Sie haben eine Rechtsschutzversicherung und trotzdem eine offene Honorarnote? Das liegt häufig an einem unscheinbaren Absatz der Versicherungsbedingungen, der sogenannten Loco-Klausel. Sie beseitigt Ihr Recht auf freie Anwaltswahl nicht — sie macht seine Ausübung aber unter Umständen teuer. Wer die Deckungsfrage vor der Beauftragung klärt, erspart sich die unangenehme Überraschung.

Das Wahlrecht steht im Gesetz

§ 158k Abs 1 VersVG räumt dem Versicherungsnehmer das Recht ein, sich in einem Gerichts- oder Verwaltungsverfahren durch eine zur berufsmäßigen Parteienvertretung befugte Person seiner Wahl vertreten zu lassen. Zusätzlich besteht freie Wahl, wenn beim Versicherer eine Interessenkollision entstanden ist. Die Bestimmung ist einseitig zwingend (§ 158p VersVG): Zu Ihren Lasten kann davon nicht abgewichen werden.

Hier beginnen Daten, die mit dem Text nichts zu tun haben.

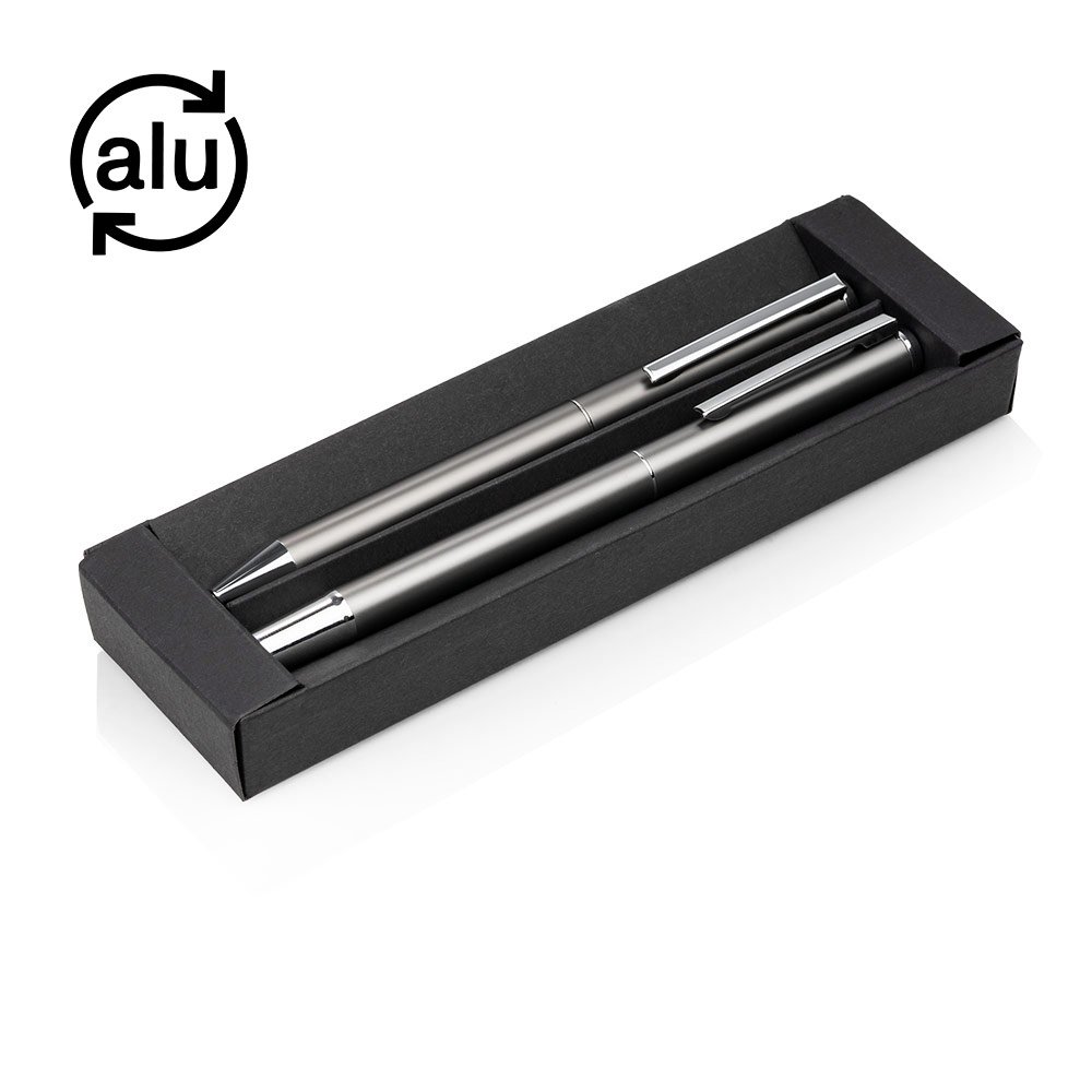 Set de bolígrafos hechos con aluminio reciclado. Cada bolígrafo es retráctil de mina normal más bolígrafo roller, con tapa a presión. Incluyen estuche de lujo.

Unionsrechtlich ist dieses Wahlrecht in Art 201 der Solvabilität-II-Richtlinie verankert und bildet nach der Rechtsprechung des EuGH ein tragendes Prinzip der Rechtsschutzversicherung.

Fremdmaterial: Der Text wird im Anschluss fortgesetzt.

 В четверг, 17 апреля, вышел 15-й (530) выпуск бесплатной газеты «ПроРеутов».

Was die Loco-Klausel bewirkt

§ 158k Abs 2 VersVG erlaubt es, im Versicherungsvertrag zu vereinbaren, dass nur Rechtsvertreter gewählt werden, die ihren Kanzleisitz am Ort des in erster Instanz zuständigen Gerichts oder der zuständigen Behörde haben. Haben dort weniger als vier solcher Personen ihren Kanzleisitz, erweitert sich das Wahlrecht auf den Sprengel des Gerichtshofs erster Instanz.

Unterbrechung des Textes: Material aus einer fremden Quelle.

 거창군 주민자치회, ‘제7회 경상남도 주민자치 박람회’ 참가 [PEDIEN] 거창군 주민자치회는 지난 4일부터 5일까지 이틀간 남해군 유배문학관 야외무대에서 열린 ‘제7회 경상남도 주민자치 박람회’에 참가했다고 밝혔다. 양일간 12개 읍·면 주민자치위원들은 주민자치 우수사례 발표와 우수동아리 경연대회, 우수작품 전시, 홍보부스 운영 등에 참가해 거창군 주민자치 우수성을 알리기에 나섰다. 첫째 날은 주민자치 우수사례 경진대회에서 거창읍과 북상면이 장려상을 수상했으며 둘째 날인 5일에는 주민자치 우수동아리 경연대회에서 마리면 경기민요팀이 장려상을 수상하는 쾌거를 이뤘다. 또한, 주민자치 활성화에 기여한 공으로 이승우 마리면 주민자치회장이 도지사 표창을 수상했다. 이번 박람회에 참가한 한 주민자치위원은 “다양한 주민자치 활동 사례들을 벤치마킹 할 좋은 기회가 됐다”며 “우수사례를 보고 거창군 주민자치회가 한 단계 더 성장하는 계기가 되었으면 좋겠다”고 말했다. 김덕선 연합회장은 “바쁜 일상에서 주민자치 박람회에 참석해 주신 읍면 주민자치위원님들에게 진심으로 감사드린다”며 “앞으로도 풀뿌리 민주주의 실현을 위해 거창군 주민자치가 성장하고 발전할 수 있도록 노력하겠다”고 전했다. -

Entscheidend ist die Reichweite dieser Einschränkung: Nach der Rechtsprechung wird damit nicht das Wahlrecht selbst beseitigt, sondern nur der Umfang der Kostenübernahme begrenzt. Sie dürfen also weiterhin den Anwalt Ihres Vertrauens beauftragen — die Versicherung ersetzt aber möglicherweise nur jene Kosten, die am Gerichtsort angefallen wären.

Warum die Differenz erheblich ist

Ein Rechtsanwalt, der außerhalb der politischen Gemeinde seines Kanzleisitzes tätig wird, kann nach § 23 Abs 5 RATG den doppelten Einheitssatz verrechnen. Je nach Leistung bedeutet das rund 25 bis 30 % Mehrkosten — und zwar nicht einmalig, sondern bei jeder Verhandlung und jedem weiteren Verfahrensschritt.

Anders als ein betraglich begrenzter Selbstbehalt ist diese Lücke nicht gedeckelt. Zu Verfahrensbeginn lässt sich ihr Umfang seriös kaum beziffern, weil niemand weiß, wie viele Tagsatzungen folgen — oder ob die Sache etwa nach einer Überweisung oder Delegierung überhaupt bei dem zunächst angerufenen Gericht bleibt.

Der praktische Ausweg: Abrechnung zum Loco-Tarif

Hier liegt der für die Praxis wichtigste Punkt. Der OGH hat die Loco-Klausel im Licht der EuGH-Rechtsprechung einschränkend ausgelegt: Ein Versicherungsnehmer kann auch einen nicht ortsansässigen Rechtsvertreter wählen, jedenfalls dann, wenn dieser sich verbindlich bereit erklärt, seine Leistungen wie ein ortsansässiger Vertreter zu verrechnen. Der Zweck der Klausel — Kosten und damit Prämien niedrig zu halten — bleibt so gewahrt (RIS-Justiz RS0125556, beginnend mit 7 Ob 194/09v, zuletzt fortgeschrieben zu 7 Ob 169/22m).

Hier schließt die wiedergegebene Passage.